# Solved: No Sound In Bioshock Suddenly



## DarkMan_X (Aug 9, 2000)

Ok. I've had Bioshock up and running for two weeks now. I hadn't played it in the last couple of days, and when I went to start it up last night, I got no sound whatsoever. This isn't the "no sound after the intro movie problem." It's no sound during the videos: the Nvidia video, 2k Games video, etc. I also get no sound in the menus or in the actual game, obviously. 

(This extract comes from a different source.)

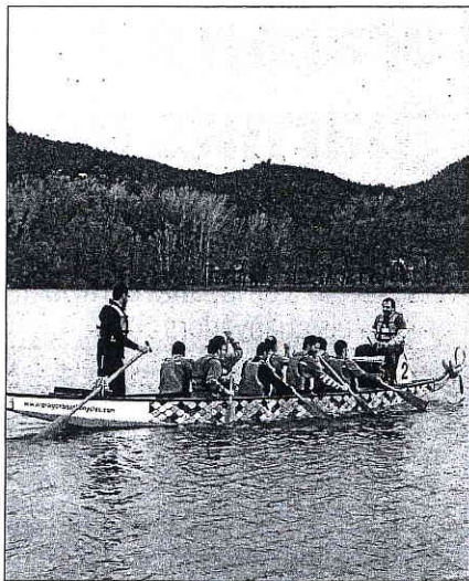
Una embarcació del 'Dragon boat' a l'Estany, el dia de la presentació del festival a la premsa

partir de les onze del matí es faran les regates –per categories– fins a mitja tarda. A les sis es lliuraran els premis. Al marge de les curses, s'ha previst un programa d'activitats sobre la cultura xinesa: uns tallers de calligrafia, tai-xí i kung-fu , uns altres sobre el llagut (una de les embarcacions tradicionals catalanes), la figura del drac en les cultures xinesa i catalana, com també unes demostracions sobre la gastronomia dels dos països. Ho organitza una empresa privada

My first thought was that some other program was hijacking my audio so that Bioshock couldn't use it. However, I opened up iTunes and successfully played a song. I also opened up Tiger Woods 08 and had sound there. What gives?

Any ideas?


----------



## DarkMan_X (Aug 9, 2000)

Nobody?

I've updated to v1.1 of Bioshock, but the problem persists. The only thing I can think of that I did before this happened was that I rolled back to WMP 10. Would that have any effect?


----------



## DarkMan_X (Aug 9, 2000)

I just reinstalled WMP 11, and it still doesn't work.


----------



## DarkMan_X (Aug 9, 2000)

Reinstallation of Bioshock also failed to correct the problem.


----------



## DarklykraD (Jan 22, 2008)

Control Panel - Sounds And Audio Devices - volume tab - speaker setting - advanced - performance tab - hardware acceleration set to full and sample quality set to best - ok


----------



## DarkMan_X (Aug 9, 2000)

That was set to that setting, but the problem has now been solved. I installed the most recent audigy drivers (which I already had installed) and that fixed the problem.


----------